City Manager Ron Smith, who hosted the meeting in City Hall, announced that the city had been awarded $29,000 from the State of North Carolina to hire a consultant to conduct an architectural/cultural study of the Historically Black Neighborhood. The city will contribute $16,000 to the effort, which will guide the next steps and likely culminate with an application for the area to be designated a National Historic District.

City Manager Ron Smith discusses efforts to identify historically significant sites in the Garfield Street/Green Street area.

Smith said that the city council and mayor could appoint a committee to help guide the effort, which could eventually result in the placement of historic markers throughout the district and a monument at the Green Street Cemetery.

A ground-penetrating radar survey of the cemetery conducted earlier this year revealed 2,224 unmarked gravesites, many of which are believed to contain the remains of descendants of enslaved individuals. Volunteers have since placed metal markers at each of these gravesites.

Smith said that the cemetery project, which was coordinated by the Iredell County Public Library staff, is almost complete. The consultant has not turned in the final report, and the sign has not been erected at the cemetery. That work was funded by a $20,000 N.C. Humanities grant.

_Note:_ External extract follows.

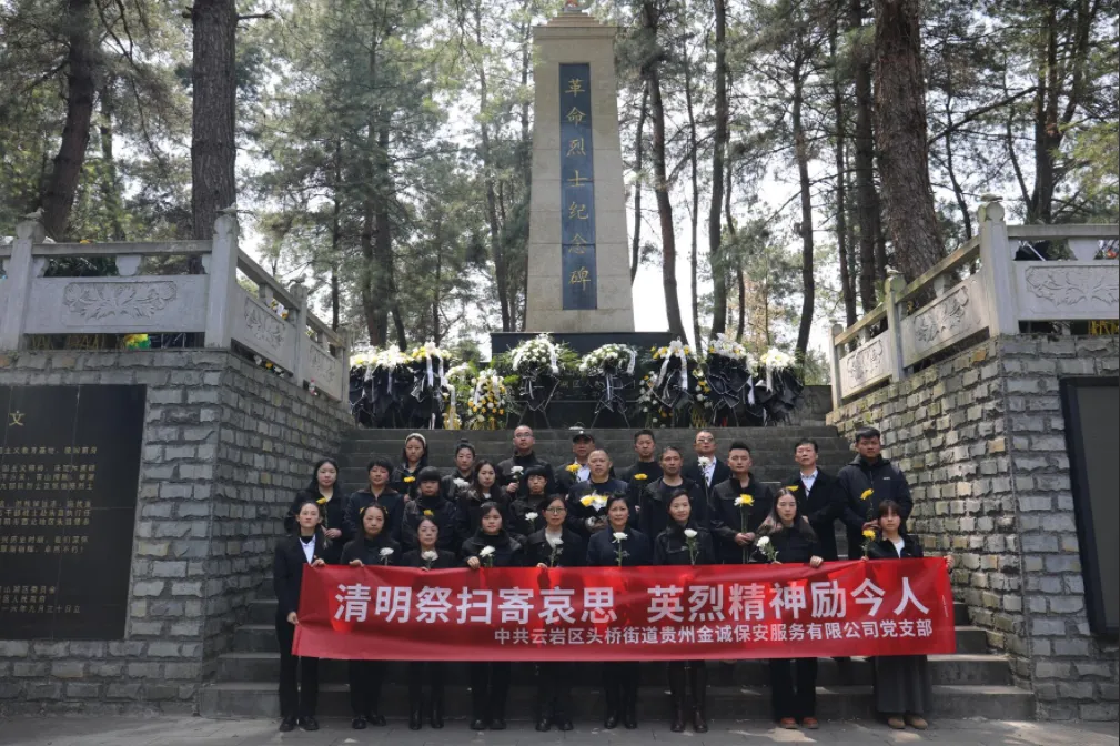 为弘扬爱国主义精神,传承红色基因,强化公司员工的社会责任感和使命感,在清明节来临之际,中共云岩区头桥街道贵州金诚保安服务有限公司党支部组织开展了清明节前祭扫活动。此次活动于4月3日在观山湖区英雄纪念碑烈士陵园举行,公司党员、入党积极分子及部分员工代表共计26人参与,共同表示对先烈的追思和敬意。

Matthew Pierce, assistant to the city manager, and city planner Marci Sigmon, both of whom have been involved in the effort, outlined the progress to date.

Lisa Mozer and other community members requested the town hall meeting, which was also attended by Mayor Costi Kutteh and city council members Frederick Foster and Doris Allison, because of concerns they have over efforts to properly identify and conserve historically significant sites and buildings.

Mozer described the progress made during the past two years as “monumental,” but she asked that community members be more involved in future efforts.

“We want this Black Historic District to meet — for lack a of a better word — it’s potential,” she said.

The library staff, Mozer said, did not collaborate with local families whose ancestors are buried in the Green Street Cemetery. She asked that city staff not make the same mistakes.

“Let’s give this the respect it deserves,” she said. “Let’s not make mistakes because we want to be cheap or we have biases.”

The city manager said he could not speak for the library staff, but he said they did not intentionally set out to offend anyone.

“I think that they did (the survey) in good faith,” Smith said.

Historical sites in the area include:

♦ The former residence of Dr. and Mrs. Holliday at 241 Garfield Street;
♦ Mt. Pleasant AME Zion Church at 537 S. Center Street;
♦ The former site of Peterson & Magnum Funeral Home at 206 Garfield Street;
♦ Green Street Cemetery;
♦ The former site of Morningside School at 410 Garfield Street;
♦ The former site of Billingsley Academy; and
♦ The historic wooden bridge over the railroad tracks

Mayor Kutteh added that the city has had discussions about attempting to purchase property adjacent to the cemetery. That property is in disrepair and should be secured to keep it from further deteriorating, community members said.

Meanwhile, Barry Edwards, who serves on the Statesville Historic Commission, advised city officials and others interested in the project to visit the Dixonville Cemetery in Salisbury. That property has been preserved and improved as a result of efforts that raised more than $500,000 for conservation efforts, Edwards said.

Going forward, the city manager promised to keep community members informed about ongoing work, which includes several grant applications.

“We want you to know we are working on it and we’re thinking about it,” Smith said. “Everything in government takes time.”